Mice Healthy Status (Timepoint Daily):

Mice are monitored daily with respect to body weight and clinical parameters and as requested per animal welfare conditions.

Histology (Timepoint: End of Experiment):

Tumor, tumor-adjacent tissue and colon are used for H&E staining and IHC. H&E is performed according to standard procedures. Tissues for IHC are deparaffinized and antigens retrieved using citrate buffer. Ki67, cleaved caspase 3 and activated/cleaved MMP-9 will be analyzed.

Flow Cytometry Analysis (Timepoint: End of Experiment):

Spleen, lymph nodes, colon lamina propria, and tumor tissue/cells are used for flow cytometry analysis. Single cell suspensions are prepared, stained and re-stimulated.

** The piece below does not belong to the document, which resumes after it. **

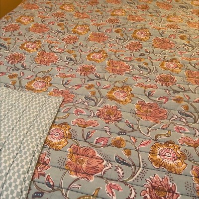 Create a gorgeous sleeping space with the help of this Boho Earthy Vines Quilt from Threshold™. This quilt showcases a vibrant floral print with a different print on the back to add excitement to your decor. The quilt is made from a 100% cotton shell material with soft polyester filling to wrap you in cozy comfort year round, and is machine washable for easy care. Pair with a matching sham to create a coordinated look.

Real-Time RT-qPCR and Western Blot Analysis or RNAseq (Timepoint: End of Experiment):

Tumor, tumor-adjacent and colon tissue/cells from mice are used for real-time RT-qPCR and/or Western Blot or RNAseq analysis performed according to standard procedures. The following genes/proteins expression are evaluated.

Barrier function: claudin-1, claudin-2, claudin-4, claudin-8, occludin, ZO-1 and MUC-2.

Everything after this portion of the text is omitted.